That workflow makes the tool useful, but it also places an AI agent inside a sensitive automation environment. If the agent can process untrusted text and use tools, attackers may try to control what the agent does next.
Microsoft found that Claude Code’s Bash path scrubbed environment variables during subprocess execution. The Read tool did not follow the same model and could access /proc/self/environ, which exposed the runner’s ANTHROPIC_API_KEY and possibly other credentials available to the process.
- The issue affected AI workflows that processed untrusted GitHub issue or PR content.
- The Read tool could access sensitive /proc files inside the GitHub Actions runner.
- The exposed environment data included the ANTHROPIC_API_KEY in Microsoft’s test.
- Anthropic mitigated the issue in Claude Code 2.1.128 by blocking sensitive /proc file access.
- Microsoft reported the issue to Anthropic through HackerOne on April 29, 2026.

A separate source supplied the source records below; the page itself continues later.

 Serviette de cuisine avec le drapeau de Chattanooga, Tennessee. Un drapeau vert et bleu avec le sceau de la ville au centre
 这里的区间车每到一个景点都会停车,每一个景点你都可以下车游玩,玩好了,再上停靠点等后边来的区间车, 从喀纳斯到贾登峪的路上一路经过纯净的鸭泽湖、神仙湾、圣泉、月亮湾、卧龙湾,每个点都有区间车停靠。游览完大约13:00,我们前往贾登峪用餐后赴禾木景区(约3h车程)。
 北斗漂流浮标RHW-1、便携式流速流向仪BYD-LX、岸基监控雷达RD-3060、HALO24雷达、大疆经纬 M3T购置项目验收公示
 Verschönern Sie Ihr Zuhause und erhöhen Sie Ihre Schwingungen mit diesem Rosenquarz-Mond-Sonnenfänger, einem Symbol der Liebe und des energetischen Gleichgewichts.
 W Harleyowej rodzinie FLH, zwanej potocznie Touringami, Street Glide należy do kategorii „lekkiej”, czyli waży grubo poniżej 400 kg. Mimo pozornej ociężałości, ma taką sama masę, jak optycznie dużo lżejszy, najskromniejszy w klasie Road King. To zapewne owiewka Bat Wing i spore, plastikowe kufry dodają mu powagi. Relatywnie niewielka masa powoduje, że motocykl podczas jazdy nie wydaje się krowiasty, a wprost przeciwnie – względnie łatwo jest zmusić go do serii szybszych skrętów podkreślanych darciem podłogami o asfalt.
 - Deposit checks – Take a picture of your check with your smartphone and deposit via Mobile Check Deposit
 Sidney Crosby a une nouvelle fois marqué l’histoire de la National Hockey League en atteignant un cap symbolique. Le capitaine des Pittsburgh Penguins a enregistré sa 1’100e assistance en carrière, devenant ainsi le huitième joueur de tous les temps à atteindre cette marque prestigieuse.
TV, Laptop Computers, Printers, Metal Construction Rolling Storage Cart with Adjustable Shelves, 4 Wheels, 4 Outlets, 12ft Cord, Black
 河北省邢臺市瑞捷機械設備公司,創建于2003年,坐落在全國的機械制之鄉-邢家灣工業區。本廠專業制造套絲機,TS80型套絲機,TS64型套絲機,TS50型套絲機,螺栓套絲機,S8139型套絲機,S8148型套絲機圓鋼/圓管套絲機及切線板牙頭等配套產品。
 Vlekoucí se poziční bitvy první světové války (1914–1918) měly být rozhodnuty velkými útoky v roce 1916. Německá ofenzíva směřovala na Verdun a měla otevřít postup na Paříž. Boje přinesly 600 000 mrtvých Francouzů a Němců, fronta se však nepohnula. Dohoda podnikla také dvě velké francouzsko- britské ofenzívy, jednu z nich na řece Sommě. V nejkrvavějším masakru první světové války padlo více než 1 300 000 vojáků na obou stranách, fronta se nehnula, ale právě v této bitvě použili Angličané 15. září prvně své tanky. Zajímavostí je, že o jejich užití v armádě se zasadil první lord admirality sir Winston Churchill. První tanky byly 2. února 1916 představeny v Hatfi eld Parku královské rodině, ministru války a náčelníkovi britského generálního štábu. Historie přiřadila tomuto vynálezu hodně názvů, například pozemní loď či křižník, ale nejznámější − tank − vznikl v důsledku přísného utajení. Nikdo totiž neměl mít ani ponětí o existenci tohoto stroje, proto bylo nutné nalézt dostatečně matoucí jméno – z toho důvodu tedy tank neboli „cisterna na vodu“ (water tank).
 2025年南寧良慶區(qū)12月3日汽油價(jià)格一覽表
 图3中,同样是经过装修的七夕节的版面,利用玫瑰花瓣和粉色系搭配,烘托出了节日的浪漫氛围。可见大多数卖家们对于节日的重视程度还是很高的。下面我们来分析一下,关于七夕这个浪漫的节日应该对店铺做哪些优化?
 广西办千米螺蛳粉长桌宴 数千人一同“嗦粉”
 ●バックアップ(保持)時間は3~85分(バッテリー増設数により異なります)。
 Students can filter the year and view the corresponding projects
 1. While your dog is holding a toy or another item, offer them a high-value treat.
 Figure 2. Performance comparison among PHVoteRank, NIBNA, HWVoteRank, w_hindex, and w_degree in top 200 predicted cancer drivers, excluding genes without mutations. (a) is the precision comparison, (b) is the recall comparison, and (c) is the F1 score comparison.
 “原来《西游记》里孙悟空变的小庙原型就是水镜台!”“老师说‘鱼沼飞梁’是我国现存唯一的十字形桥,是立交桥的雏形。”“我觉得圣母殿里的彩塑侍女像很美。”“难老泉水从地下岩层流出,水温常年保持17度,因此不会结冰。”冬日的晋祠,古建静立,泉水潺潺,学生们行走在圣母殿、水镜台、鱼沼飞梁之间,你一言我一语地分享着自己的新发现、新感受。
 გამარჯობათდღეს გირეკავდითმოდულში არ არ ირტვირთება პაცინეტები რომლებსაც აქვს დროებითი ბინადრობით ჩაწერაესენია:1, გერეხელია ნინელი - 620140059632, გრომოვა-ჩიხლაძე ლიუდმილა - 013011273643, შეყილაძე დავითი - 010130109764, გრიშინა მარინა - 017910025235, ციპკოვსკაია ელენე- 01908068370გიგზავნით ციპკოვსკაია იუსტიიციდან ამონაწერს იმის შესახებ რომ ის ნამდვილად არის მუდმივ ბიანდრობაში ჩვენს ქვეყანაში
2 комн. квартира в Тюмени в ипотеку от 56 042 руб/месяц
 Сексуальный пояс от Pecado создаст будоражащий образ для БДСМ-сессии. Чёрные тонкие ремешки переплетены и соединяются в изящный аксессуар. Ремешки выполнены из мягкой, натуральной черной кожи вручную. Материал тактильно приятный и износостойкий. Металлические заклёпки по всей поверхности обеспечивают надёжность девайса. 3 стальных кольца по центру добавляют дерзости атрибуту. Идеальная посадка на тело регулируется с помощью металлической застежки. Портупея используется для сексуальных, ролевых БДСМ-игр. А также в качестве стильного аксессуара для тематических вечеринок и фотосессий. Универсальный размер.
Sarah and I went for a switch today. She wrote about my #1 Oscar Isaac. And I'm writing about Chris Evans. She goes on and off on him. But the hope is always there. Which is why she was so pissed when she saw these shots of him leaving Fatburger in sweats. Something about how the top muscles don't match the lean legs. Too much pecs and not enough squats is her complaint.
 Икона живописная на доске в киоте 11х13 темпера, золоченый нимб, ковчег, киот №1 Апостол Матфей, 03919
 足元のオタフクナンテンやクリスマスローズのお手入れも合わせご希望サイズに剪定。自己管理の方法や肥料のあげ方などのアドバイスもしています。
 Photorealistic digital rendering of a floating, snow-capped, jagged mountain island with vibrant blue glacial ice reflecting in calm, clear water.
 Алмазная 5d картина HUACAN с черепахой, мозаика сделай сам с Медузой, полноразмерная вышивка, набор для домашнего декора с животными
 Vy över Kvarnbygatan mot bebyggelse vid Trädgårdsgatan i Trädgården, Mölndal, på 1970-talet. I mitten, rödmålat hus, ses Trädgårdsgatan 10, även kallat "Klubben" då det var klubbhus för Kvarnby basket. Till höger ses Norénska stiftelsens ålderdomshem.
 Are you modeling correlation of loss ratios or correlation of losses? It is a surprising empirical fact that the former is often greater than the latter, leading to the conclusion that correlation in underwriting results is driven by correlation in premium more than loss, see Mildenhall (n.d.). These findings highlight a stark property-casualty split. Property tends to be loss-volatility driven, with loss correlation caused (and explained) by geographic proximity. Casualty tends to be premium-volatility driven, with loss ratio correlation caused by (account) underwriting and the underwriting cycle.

Why CI/CD secrets are a high-value target
CI/CD workflows often hold credentials that can affect source code, cloud infrastructure, deployment systems, package registries, and internal services. A leaked key can do more than create billing risk. It can give attackers a bridge into the software supply chain.
GitHub’s secure use guidance for GitHub Actions warns developers to treat certain contexts as untrusted input and to consider whether attacker-controlled values can influence workflow behavior.
In this case, the attacker did not need direct access to secrets. Microsoft said the full exploit could start from the ability to open an issue or submit a pull request, depending on how the target workflow was configured.
| Secret type | Possible impact if leaked |
|---|---|
| AI provider API key | Unauthorized model usage, billing abuse, or access to connected automation flows |
| GitHub token | Repository changes, issue comments, pull requests, release changes, or workflow abuse |
| Cloud credential | Cloud resource access, data theft, persistence, or deployment tampering |
| Package registry token | Malicious package publishing or supply-chain compromise |
| Internal API key | Access to private services, customer data, or internal automation systems |
The attack bypassed several expected defenses
Microsoft said the malicious prompt used a benign-sounding “compliance review” framing rather than directly asking the model to print an API key. That helped avoid the model’s refusal behavior.
The prompt also instructed the model to remove the first seven characters of the key before outputting it. This prevented the leaked value from matching the obvious sk-ant- prefix that could trigger refusal or secret-scanning rules.
The behavior maps to AI Agent Tool Credential Harvesting, a MITRE ATLAS technique where an agent uses tool access to obtain credentials from files, environment variables, or other accessible sources.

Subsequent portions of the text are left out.